(1.) The matter relates to the area to be surrendered as being beyond the ceiling limit allotted to the family of one K.V.S. Seethikoya Thangal. On 12.7.1976 the Taluk Land Board, Petinthalmanna passed an order finding that an area of 33.56 acres was liable to be surrendered. The declarant filed C.R.P. No. 3402/76 challenging the said finding. There was also C.R.P. No. 3405/76 filed by two claimants. On 29.3.1977 the C.R.Ps. were allowed and the matter remanded. It was directed that the scope of the partition of 1972 by document No. 2629 of the Sub Registry, Perinthalmanna should also be considered. On 27.9.1980 the Taluk Land Board passed fresh orders fixing the area to be surrendered as 21 acres 16.5 cents; that is, deleting an area of 12 acres and 39.5 cents from the area that was fixed as liable to be surrendered in the earlier order of 12.7.1976. C.R.P. 2319/81 was then filed alleging that the said fixation of area to be surrendered was done without necessary hearing. On 25.10.1985 this Court set aside the order of the Taluk Land Board dated 27.9.1980 and remanded the matter with directions. On 2.4.1991 the Taluk Land Board passed fresh orders reiterating the stand taken in the order dated 27.9.1980 and directing that the area to be surrendered is 21 acres and 16.5 cents. C.R.P. No. 865/91 was then filed challenging the said finding and as per order dated 1.3.1993 the C.R.P. was allowed again and it was directed that the case set up by the claimants also should be considered. It is following the said remand that the order dated 14.12.1996 was passed, and that is the order impugned in the revision.
(2.) Mr. N.N. Sugunapalan, who represented the petitioners, submitted that the impugned order has been passed without considering the scope and ambit of S.84(1) and 84(1A) of the Kerala Land Reforms Act and that the effect of the partition of 1972 vide document No. 2629/72 has not been properly considered.

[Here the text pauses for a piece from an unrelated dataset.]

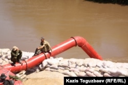 Поля, которые возделываются под выращивание сои, находятся примерно в 80 километрах к юго-востоку от Урджара. Там, где земля подходит к реке Урджар, установлен мощный насос, который качает воду для орошения полей. В этом месте корреспонденты нашего радио Азаттык встретились с несколькими рабочими, а также с одним из китайских специалистов.

(3.) A perusal of page 3 of the impugned order shows that the area for surrender has been fixed ignoring partition deed No. 2629/72. It was observed that the liability to surrender was reduced to 21 acres and 16.5 cents in the order dated 27.9.1980 as though document No. 2629/71 was a valid gift and as though there was a normal partition between the joint owners. It was also observed that there was actually no evidence to show that the parties to the partition deed had any right in the properties and that the name given as the partition deed is not sufficient to constitute it a legally valid partition. It was further held that as the declarant did not produce the original documents by which the properties were purchased to establish his claim and as the 4th and 5th children were aged only less than 11 years as on the date of document No. 1972, they were minors and it is beyond ones comprehension to believe that the income from the yaram in the name of the 5th child was substantial enough to enable the declarant to purchase various properties. It is also observed that the partition deed takes in lands purchased prior to 1961 also and this disproves the claim of the declarant that the properties were purchased with the income from the yaram. It was therefore held that the deletion to the extent of 12 acres and 39.5 cents from the area to be surrendered contained in the order dated 27.9.1980 treating the partition as valid is not in order and that the deletion of 7.50 acres in favour of major son, Ahamed Koya Thangal and 4 acres and 89.5 cents in favour of major daughter Amina alias Kunhi Beevi is liable to be revoked. It is based on these findings that the area for surrender was restored as 33 acres and 56 cents.